↓

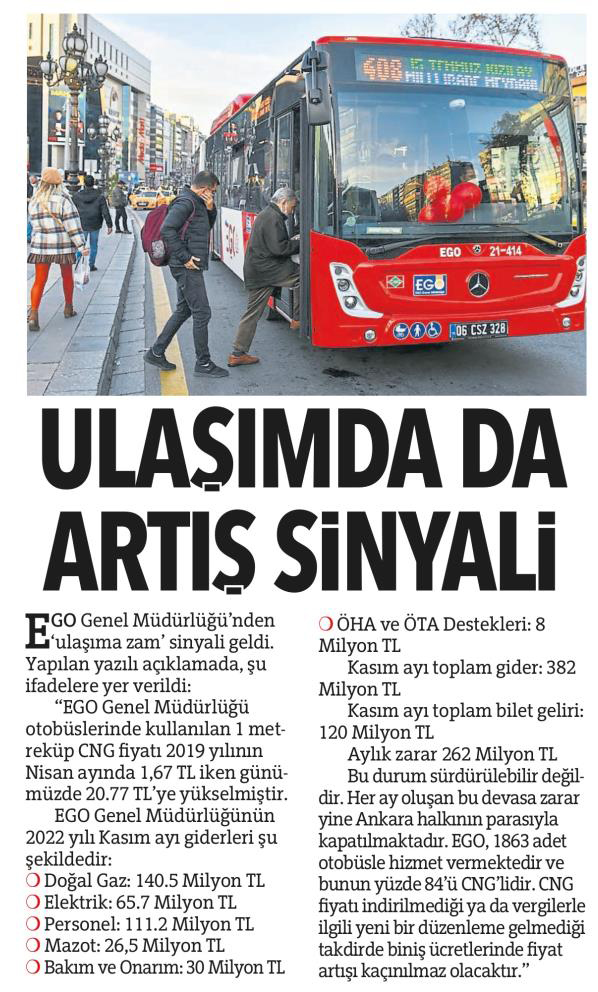 Hürriyet Ankara / 04.01.2023 Ulaşımda da artış sinyali
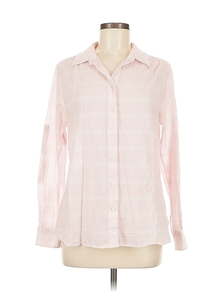 Lord & Taylor Long Sleeve Blouse, Size: Medium. Item Details: Pink, Square Neckline, Long Sleeves, Ruched, Women's Tops, 100% Cotton
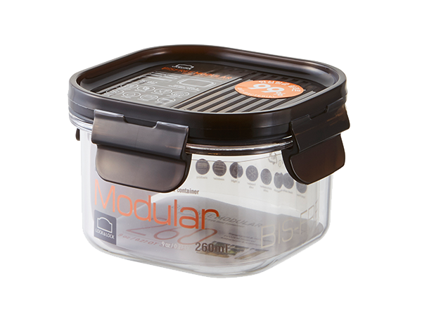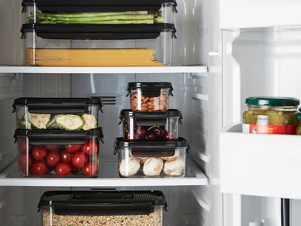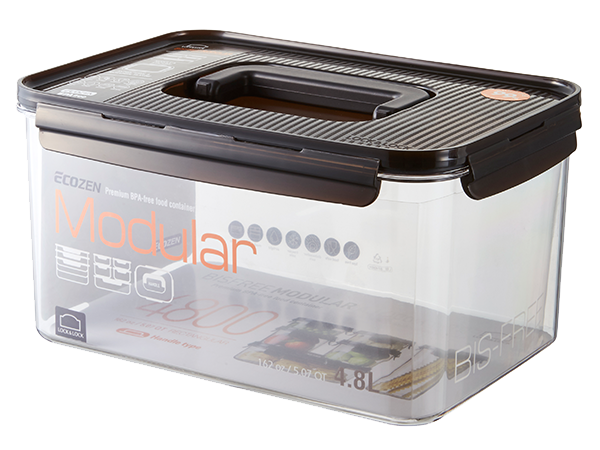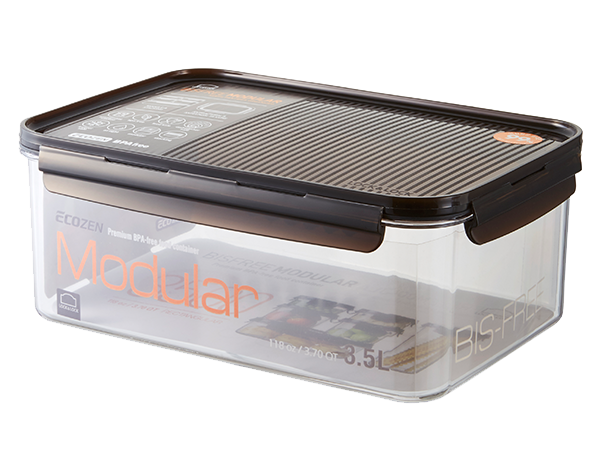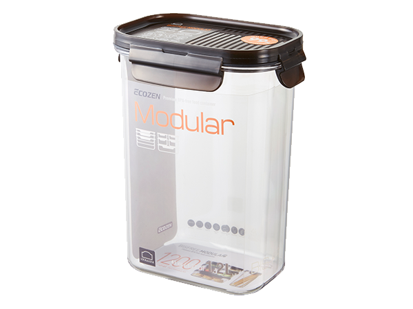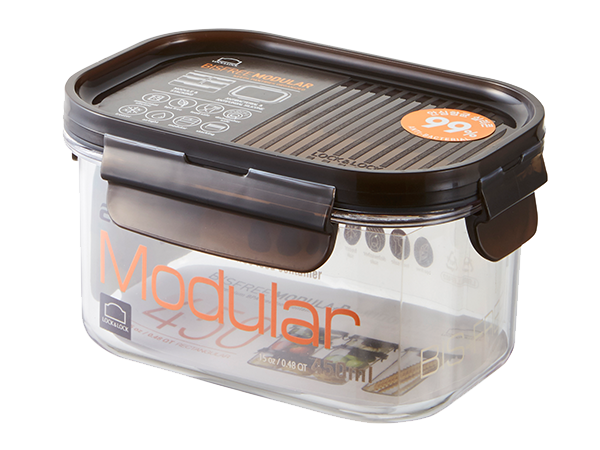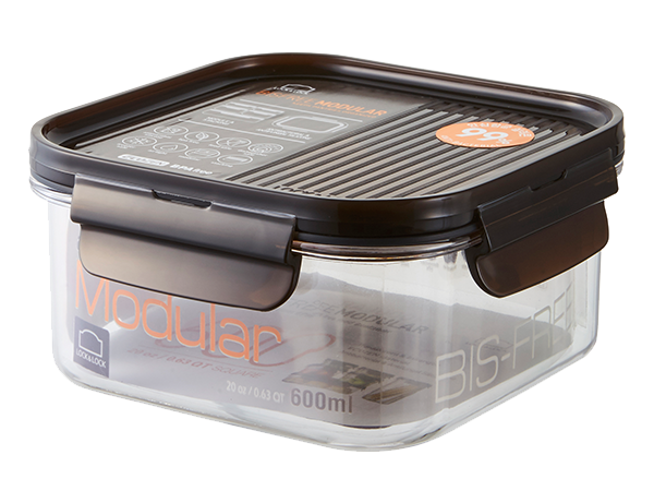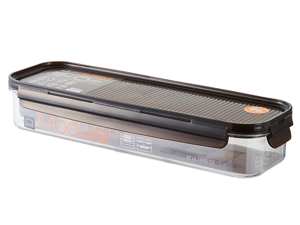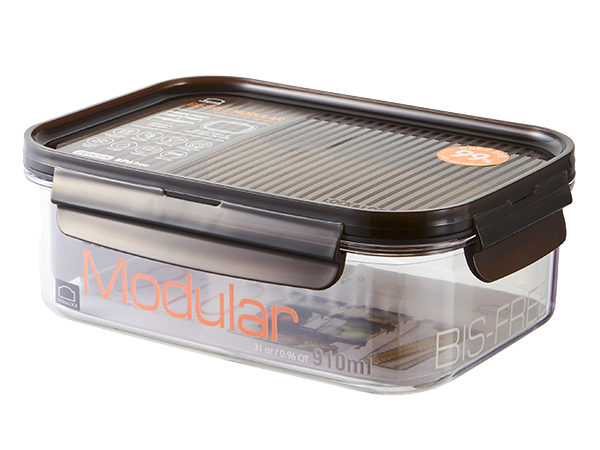 Airtight and transparent food container with a modular design. With a 6mm-high sill on the edge of the lid, you can stack the containers in a stable way.
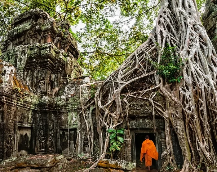 Resan avslutas i Kambodja och Siem Reap, där du utforskar det magnifika och ikoniska Angkor Wat. Du besöker flera av områdets mest berömda tempel, och dagen avslutas med solnedgång över djungeln från Bakheng Hill.
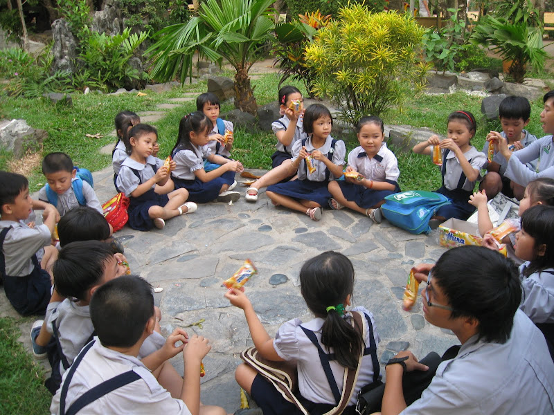 và cho các em ăn bánh... công nhận làm sen non sướng thật...
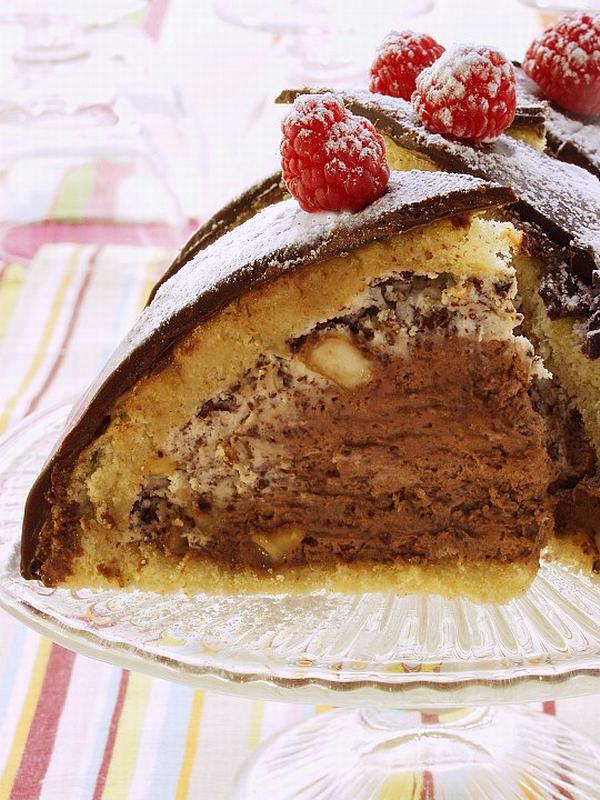 7 Den Kuchen 1 Stunde vor dem Servieren aus dem Kühlschrank nehmen. Die Frischhaltefolie von der Oberfläche entfernen, den Kuchen auf eine Platte stürzen. Die Schüssel und die Folie vorsichtig entfernen.

↑

## Your assignment
The reply should consist only of the lines running from the one with "Lord & Taylor" through the end of the material, both included, copied exactly; please omit pictures.

## Result below
 Lord & Taylor Long Sleeve Blouse, Size: Medium. Item Details: Pink, Square Neckline, Long Sleeves, Ruched, Women's Tops, 100% Cotton
 Airtight and transparent food container with a modular design. With a 6mm-high sill on the edge of the lid, you can stack the containers in a stable way.
 Resan avslutas i Kambodja och Siem Reap, där du utforskar det magnifika och ikoniska Angkor Wat. Du besöker flera av områdets mest berömda tempel, och dagen avslutas med solnedgång över djungeln från Bakheng Hill.
 và cho các em ăn bánh... công nhận làm sen non sướng thật...
 7 Den Kuchen 1 Stunde vor dem Servieren aus dem Kühlschrank nehmen. Die Frischhaltefolie von der Oberfläche entfernen, den Kuchen auf eine Platte stürzen. Die Schüssel und die Folie vorsichtig entfernen.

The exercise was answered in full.